Rohr Karl
Computer Vision Group (BMCV), University of Heidelberg, Germany.
IEEE Trans Biomed Eng. 2007 Sep;54(9):1613-20. doi: 10.1109/TBME.2007.902589.
In this paper, we analyze the accuracy of estimating the location of 3-D landmarks and characteristic image structures. Based on nonlinear estimation theory, we study the minimal stochastic errors of the position estimate caused by noisy data. Given analytic models of the image intensities, we derive closed-form expressions of the Cramér-Rao bound for different 3-D structures such as 3-D edges, 3-D ridges, 3-D lines, 3-D boxes, and 3-D blobs. It turns out that the precision of localization depends on the noise level, the size of the region-of-interest, the image contrast, the width of the intensity transitions, as well as on other parameters describing the considered image structure. The derived lower bounds can serve as benchmarks and the performance of existing algorithms can be compared with them. To give an impression of the achievable accuracy, numeric examples are presented. Moreover, by experimental investigations, we demonstrate that the derived lower bounds can be achieved by fitting parametric intensity models directly to the image data.

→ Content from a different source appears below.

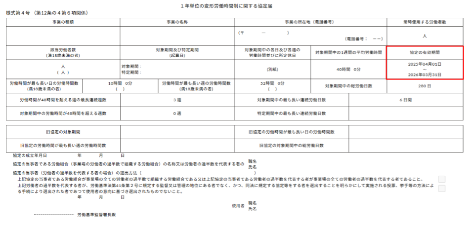 ※「特定期間」は、対象期間のうち特に業務が繁忙な時期として定める期間であり、任意項目となります。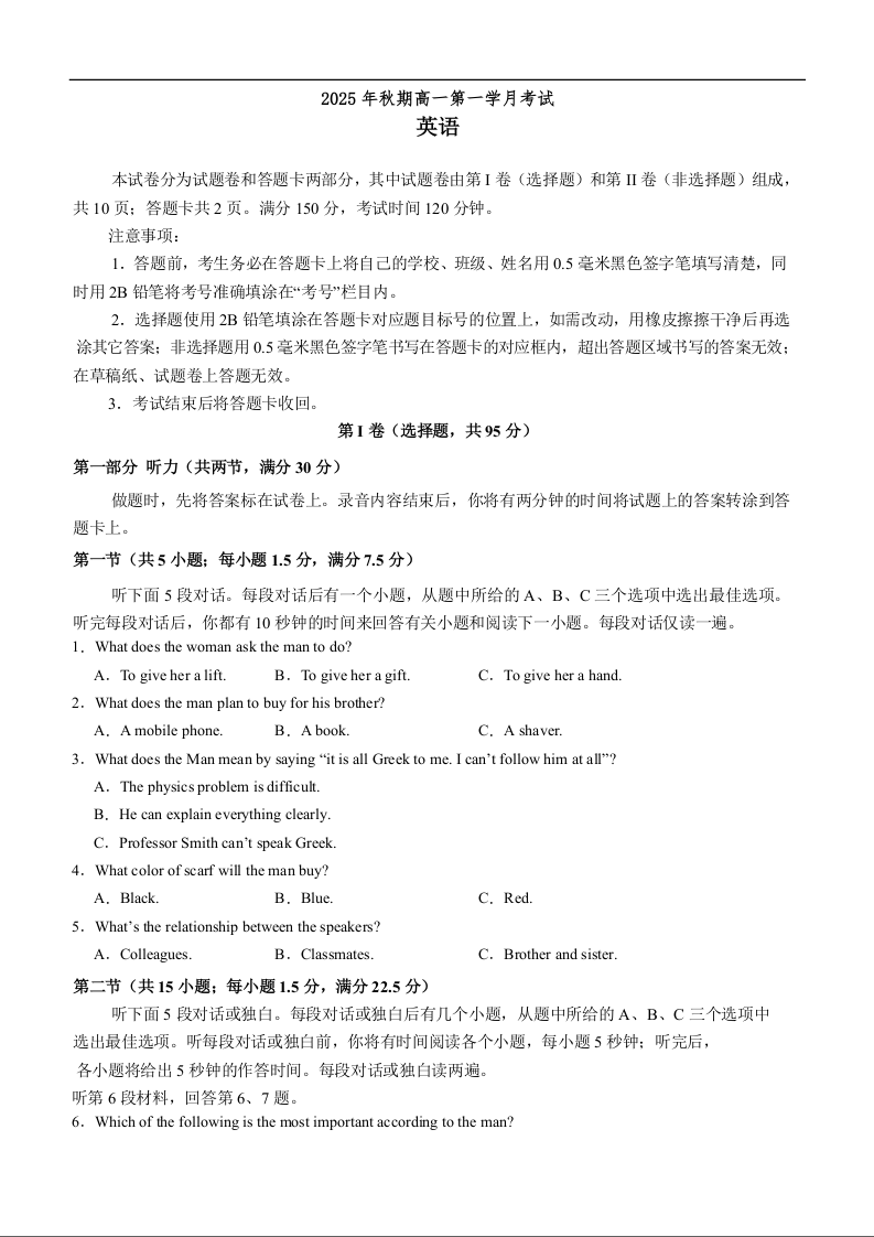 高一英语--四川省泸州市泸县第五中学2025-2026学年高一上学期10月月考

在本文中,我们分析了估计三维地标和特征图像结构位置的准确性。基于非线性估计理论,我们研究了由噪声数据引起的位置估计的最小随机误差。给定图像强度的解析模型,我们推导了不同三维结构(如三维边缘、三维脊线、三维线条、三维盒子和三维斑点)的克拉美-罗下界的闭式表达式。结果表明,定位精度取决于噪声水平、感兴趣区域的大小、图像对比度、强度过渡的宽度以及描述所考虑图像结构的其他参数。推导得到的下界可作为基准,现有算法的性能可与之进行比较。为了给可实现的精度一个直观印象,我们给出了数值示例。此外,通过实验研究,我们证明了通过将参数强度模型直接拟合到图像数据可以达到推导得到的下界。